(TASK BRIEF): Of all the lines in the entries below, give again exactly those starting at the line containing "集合場所は伊勢原駅改札口(9" and ending at the line containing "Patrick Blanc observing", both ends included, and no others.

(DATA PROVIDED):
▽
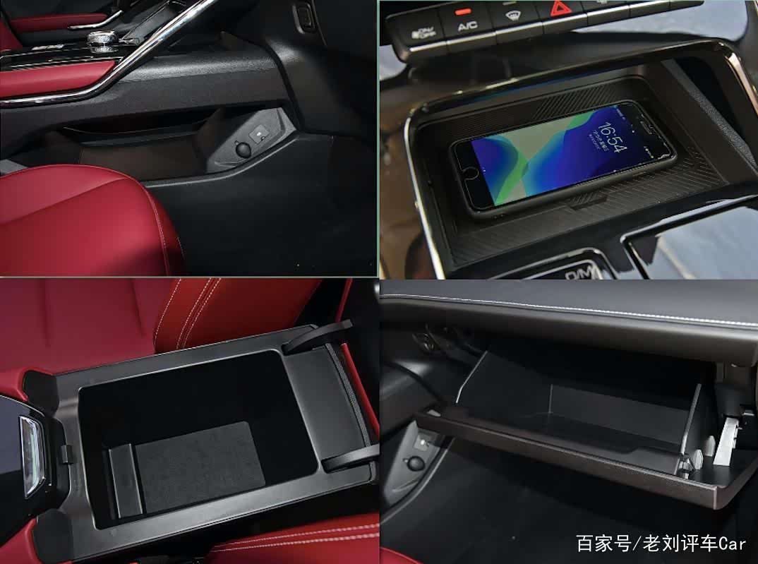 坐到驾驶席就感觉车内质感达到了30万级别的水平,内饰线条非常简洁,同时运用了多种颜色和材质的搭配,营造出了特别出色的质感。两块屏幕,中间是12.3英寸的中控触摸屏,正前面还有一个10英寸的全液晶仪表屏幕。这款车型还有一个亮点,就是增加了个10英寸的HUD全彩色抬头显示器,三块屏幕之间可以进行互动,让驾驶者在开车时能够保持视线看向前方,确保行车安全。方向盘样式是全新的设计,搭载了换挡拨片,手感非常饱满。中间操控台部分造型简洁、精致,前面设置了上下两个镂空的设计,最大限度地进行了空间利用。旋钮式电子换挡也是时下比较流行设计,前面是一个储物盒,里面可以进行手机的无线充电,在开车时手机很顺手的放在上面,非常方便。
△
▽
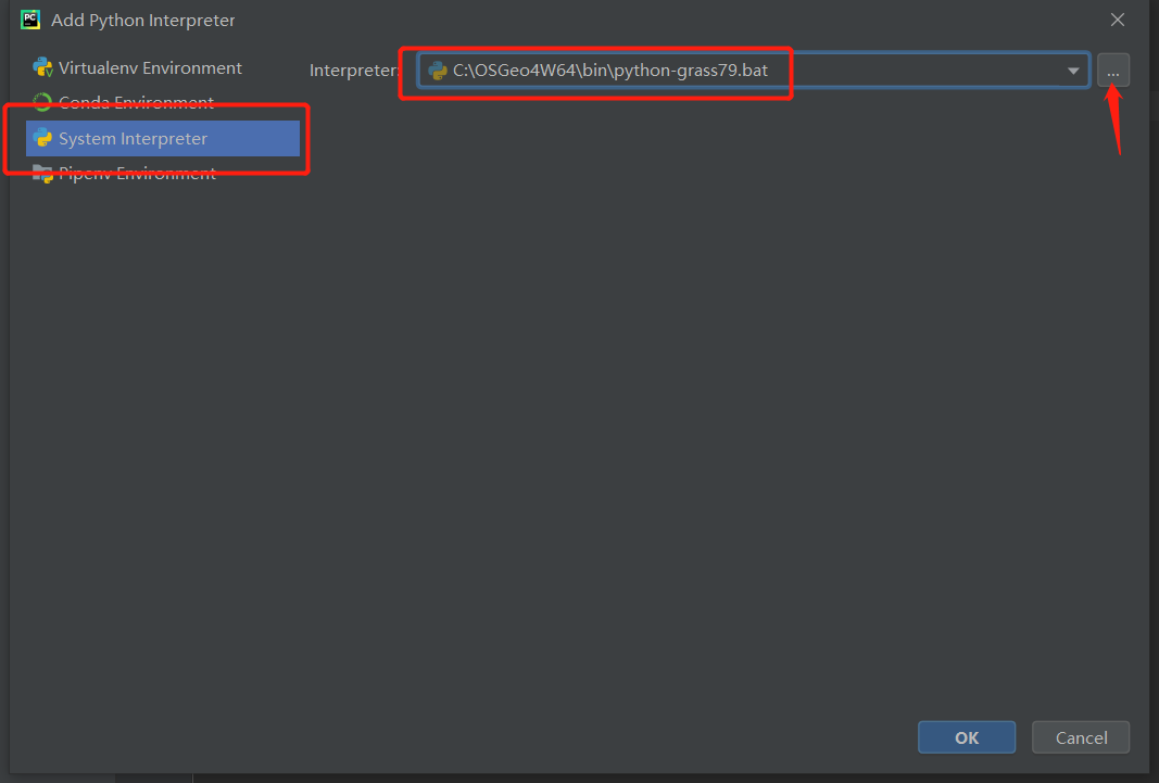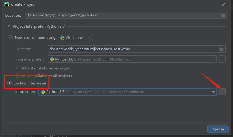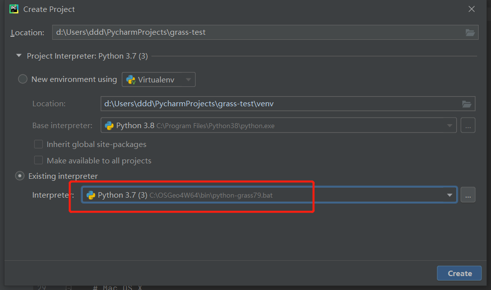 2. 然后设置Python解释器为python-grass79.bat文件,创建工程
△
▽
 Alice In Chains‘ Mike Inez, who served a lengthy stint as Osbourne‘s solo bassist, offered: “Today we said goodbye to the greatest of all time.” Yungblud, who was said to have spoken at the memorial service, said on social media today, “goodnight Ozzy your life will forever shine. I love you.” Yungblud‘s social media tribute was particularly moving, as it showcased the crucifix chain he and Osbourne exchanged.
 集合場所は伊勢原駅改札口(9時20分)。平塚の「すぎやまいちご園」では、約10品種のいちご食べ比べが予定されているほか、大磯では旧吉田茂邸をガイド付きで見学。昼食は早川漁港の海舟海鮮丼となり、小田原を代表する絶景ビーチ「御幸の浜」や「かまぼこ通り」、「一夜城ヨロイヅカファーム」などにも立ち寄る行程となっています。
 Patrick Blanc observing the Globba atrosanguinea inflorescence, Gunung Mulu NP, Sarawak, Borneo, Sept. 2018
△
(RESULT FOR THIS EXERCISE):
 集合場所は伊勢原駅改札口(9時20分)。平塚の「すぎやまいちご園」では、約10品種のいちご食べ比べが予定されているほか、大磯では旧吉田茂邸をガイド付きで見学。昼食は早川漁港の海舟海鮮丼となり、小田原を代表する絶景ビーチ「御幸の浜」や「かまぼこ通り」、「一夜城ヨロイヅカファーム」などにも立ち寄る行程となっています。
 Patrick Blanc observing the Globba atrosanguinea inflorescence, Gunung Mulu NP, Sarawak, Borneo, Sept. 2018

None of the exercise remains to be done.